Religious Ethics and Work

  • Jan Sieg

Abstract

Having presented religious ethics as a philosophical science which normalizes social acts and actions of people, the author goes on to analyze, in the light of this ethics, the questions of work in order to consider them in comparison with class ideologies and in the dialogue with Polish representatives of the movement for the humanization of work. Using the term „religious ethics” the author pinpoints what ethical system he has in mind. The system in question here is an ethical system established by way of philosophical method from premisses and principles which are purely intellectual. From the philosophy of God he takes the truth that God has endowed man with reason, conscience and freedom. Thanks to reason man is able to get to know the norms of natural law. This is an ethics based on natural law, man’s autonomy and God’s revealed law. The author identifies religious ethics with the Catholic social teaching, which is not an ideology but is a transcendent theory in relation to the liberal ideology of capitalism and Marxist ideology of collectivism.
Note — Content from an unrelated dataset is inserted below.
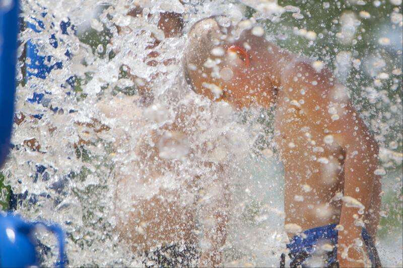Cole Michael Spresser, 8, of Bartlett embraces a large bucket of water that was dumped on his head at the Bartlett Aquatic Center Sunday to try to keep cool in 90 degrees weather.

The Catholic social teaching, despite its religious assumptions, is, according to the author, a philosophical practical science and bears a universal character. The ideological systems, on the other hand, are a product of their historical epoch; they express the interests of only that part (of society) which they represent: the interests of a class, nation or political party. They play an instrumental role, subservient to the practice of accomplishing success at all costs. Ideologies are closed systems and they are mutually exclusive. The ideology of Marxist collectivism has imposed a political character on the economy and work as well as granted the State a rank of substantial being, and negated human rights. The idea of liberal capitalism was also conducive to the encroachments on working people’s rights, e.g. the right to get fair wages and to form associations. The Catholic social teaching regards these rights as natural rights. The crucial thing is to accept the workers’ right to private property. It was already Leo XIII who emphasized that one could not solve the question of the working people „if one does not put the holy character of the right to private property as a basic principle”.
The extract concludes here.